The Gross-Zagier formula gives something on the BSD conjecture for elliptic curves over $\mathbb{Q}$. In particular the something that interest me is that if an elliptic curve as analytic rank 1, then the elliptic curve as a point of infinite order so as algebraic rank at least 1.

As said in the answers, in the function field case a theorem of Tate and Milne, says that the algebraic rank is smaller than the analytic rank (so BSD conjecture is true for analytic rank 0). So an analogue of the Gross-Zagier formula in the function field case, gives the BSD conjecture for analytic rank 1.

This article of Yun-Zhang pretends :

This identity can be viewed as a function-field analog of the Waldspurger and Gross–Zagier formula for higher derivatives of L-functions.

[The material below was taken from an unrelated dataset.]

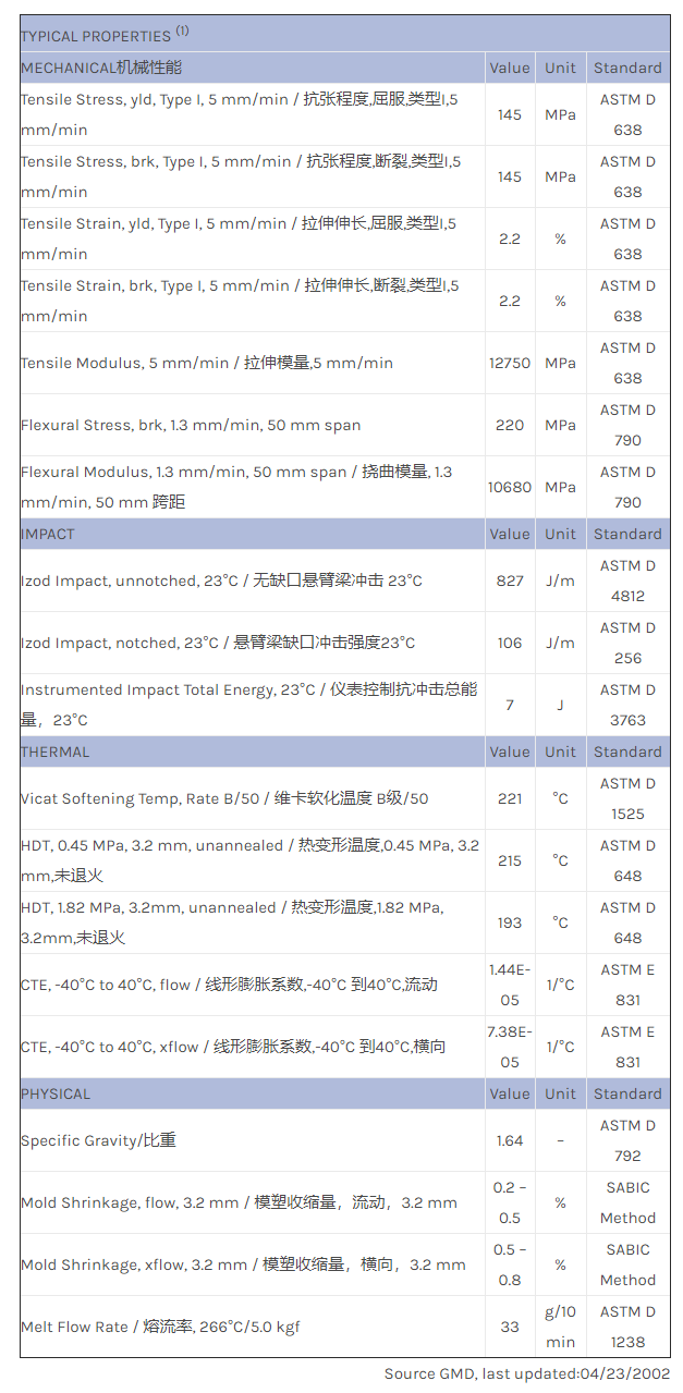 应用范围:产品描述Valox PBT V4280物性表40% GR PBT+PET. High stiffness. Application include office furniture.

Does this article as any consequence on the analogue of BSD in function fields ?

Answer 1

The BSD conjecture for an abelian variety $A$ over a function field holds if Ш$(A)[\ell^\infty]$ is finite for some prime $\ell$ ($\ell = p$ allowed). This is a theorem by Schneider, Bauer and Kato-Trihan. If $A$ is a constant abelian variety, Ш$(A)$ is finite by Milne's PhD thesis.

Edit: Since the analytic rank $\rho$ is always greater or equal than the algebraic rank, one has BSD if $\rho = 0$ (by the equivalence of weak BSD and the finiteness of an $\ell$-primary component of Sha). I show this inequality even for Abelian schemes over higher dimensional bases over finite fields in http://kellertimo.name/Height.pdf, Lemma 2.17.

Answer 2

Note that the Gross-Zagier theorem only yields the rank inequality for rank $0$ and $1$.

But the full rank inequality is alredy a theorem (of Tate and Milne) in the function fields case.

So perhaps the Yun and Zhang's formula, together with modularity (which is also known in positive characteristic), gives an alternative prove of the inequality in the particular case of low ranks, but it definitely doesn't say anything new about Birch and Swinnerton-Dyer for function fields.